In [2]:
import pandas as pd
import numpy as np

In [3]:
# Concatenate all ATP matches from 2000 to 2017 into a single file

all_matches = pd.DataFrame()

tour_years = range(1991,2023)
qual_chal_years = range(2010,2023)

for year in tour_years:
    tour_matches = pd.read_csv(f'../tennis_atp/atp_matches_{year}.csv')
    all_matches = pd.concat([all_matches,tour_matches], ignore_index=True)

for year in qual_chal_years:
    qual_chal_matches = pd.read_csv(f'../tennis_atp/atp_matches_qual_chall_{year}.csv')
    all_matches = pd.concat([all_matches,qual_chal_matches], ignore_index=True)

all_matches.to_csv('../data/atp_matches_1991-2023.csv', index=False, encoding='utf-8')

In [26]:
def get_recent_player_stats(pid):
    total_first_serve_in = 0
    total_first_serve_won = 0
    total_second_serve_won = 0
    total_double_faults = 0
    total_aces = 0
    total_break_points_saved = 0
    total_break_points_faced = 0
    total_service_games = 0
    total_service_points = 0

    total_other_serve_pts = 0
    total_other_first_serve_won = 0
    total_other_second_serve_won = 0
    total_other_break_points_faced = 0
    total_other_break_points_saved = 0
    total_other_service_games = 0

    player_matches = all_matches[(all_matches['winner_id'] == pid) | (all_matches['loser_id'] == pid)]
    
    last_ten_matches = all_matches[(all_matches['winner_id'] == row['winner_id']) | (all_matches['loser_id'] == row['winner_id'])].tail(10)

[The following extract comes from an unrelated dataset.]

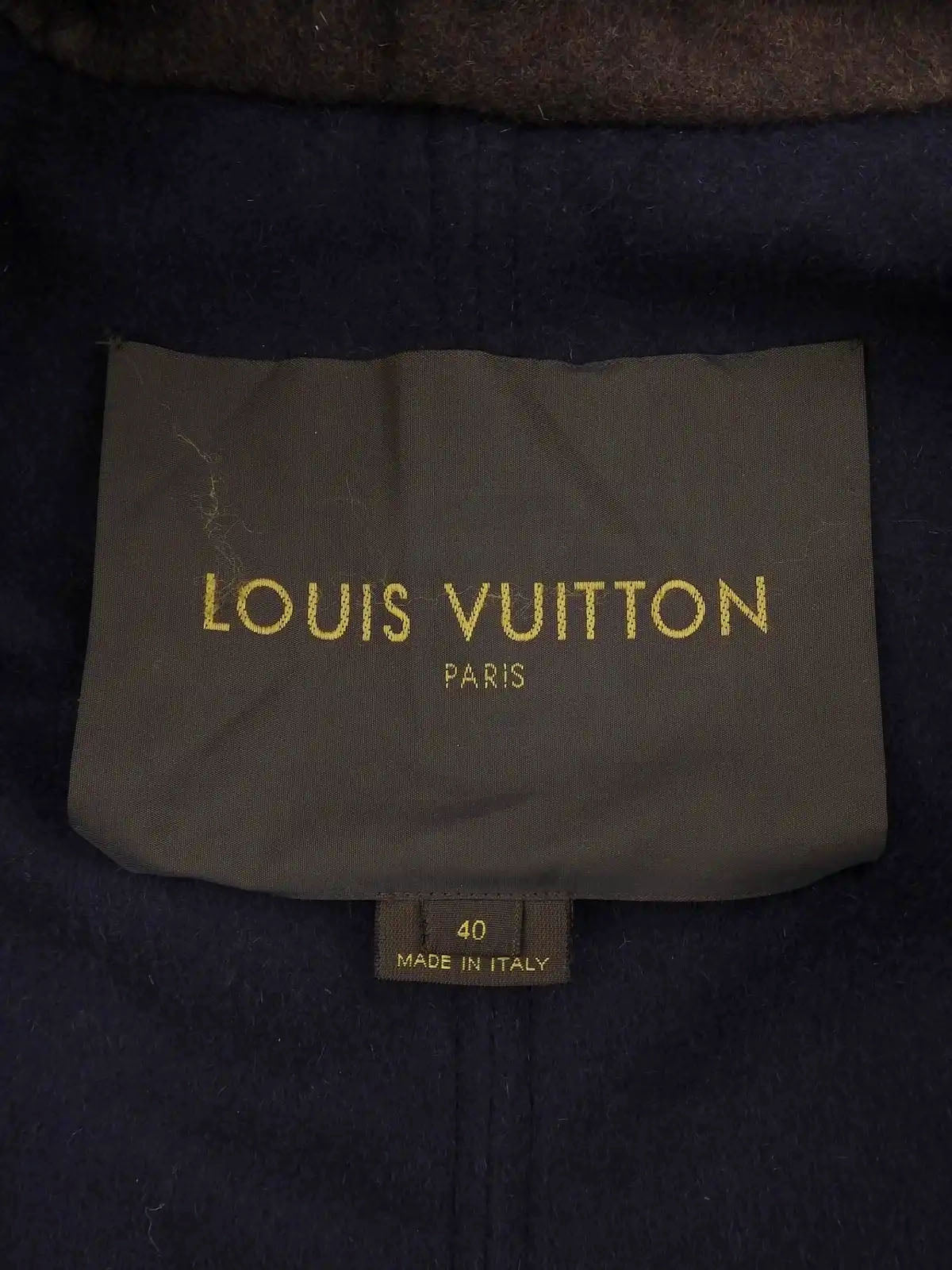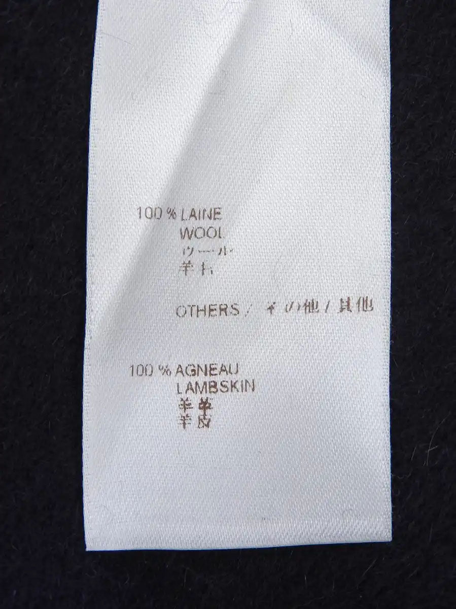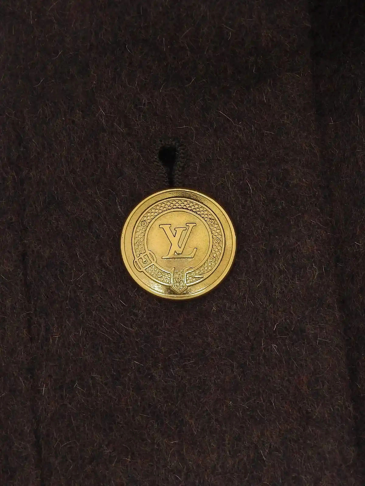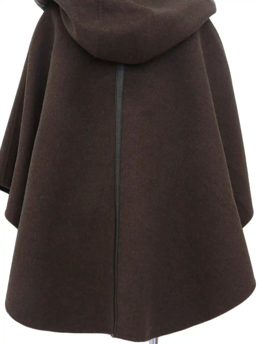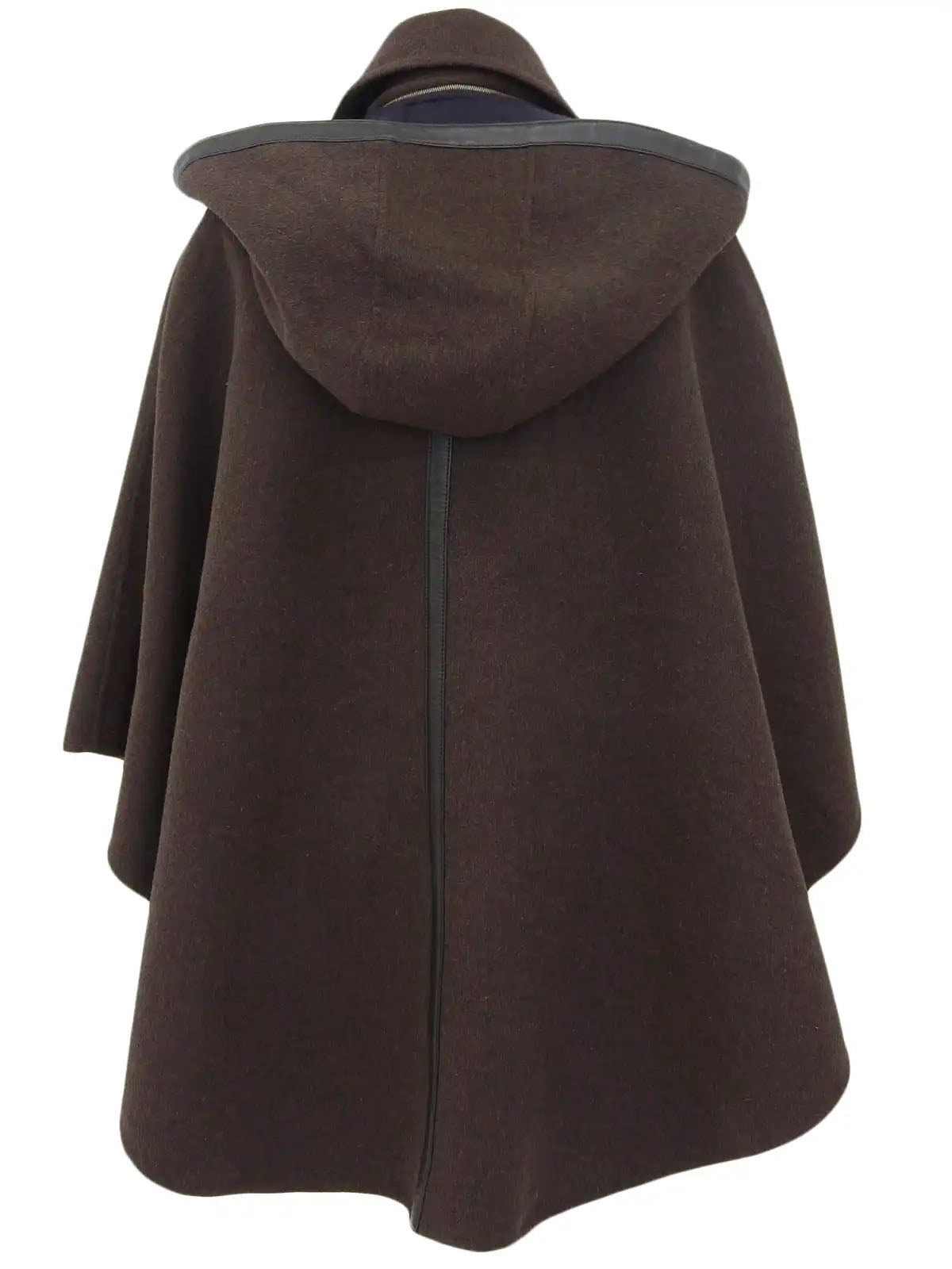 深棕色/海军蓝羊毛徽标纽扣斗篷大衣

    for row in last_ten_matches:
        total_first_serve_in += row['w_1stIn']
        total_first_serve_won += row['w_1stWon']
        total_second_serve_won += row['w_2ndWon']
        total_double_faults += row['w_df']
        total_aces += row['w_ace']
        total_break_points_saved += row['w_bpSaved']
        total_break_points_faced += row['w_bpFaced']
        total_service_games += row['w_SvGms']
        total_service_points += row['w_svpt']
        total_other_serve_pts += row['l_svpt']
        total_other_first_serve_won += row['l_1stWon']
        total_other_second_serve_won += row['l_2ndWon']
        total_other_break_points_faced += row['l_bpFaced']
        total_other_break_points_saved += row['l_bpSaved']
        total_other_service_games += row['l_SvGms']
    
    first_serve_pt = total_first_serve_in / total_service_points
    first_serve_won = total_first_serve_won / total_first_serve_in
    second_serve_won = total_second_serve_won / (total_service_points - total_first_serve_in - total_double_faults)
    double_faults = total_double_faults / total_service_points
    aces = total_aces / total_service_points
    break_points_saved = total_break_points_saved / total_break_points_faced
    break_points_faced = total_break_points_faced / total_service_games
    return_first_serve_pt_won = 1 - (total_other_first_serve_won / total_other_serve_pts)
    return_second_serve_won = 1 - (total_other_second_serve_won / (total_other_serve_pts - total_other_first_serve_won))
    bp_converted = (total_other_break_points_faced - total_other_break_points_saved) / total_other_break_points_faced
    bp_opportunities = total_other_break_points_faced / total_other_service_games

    return [first_serve_pt, first_serve_won, second_serve_won, double_faults, aces, break_points_saved, break_points_faced, return_first_serve_pt_won, return_second_serve_won, bp_converted, bp_opportunities]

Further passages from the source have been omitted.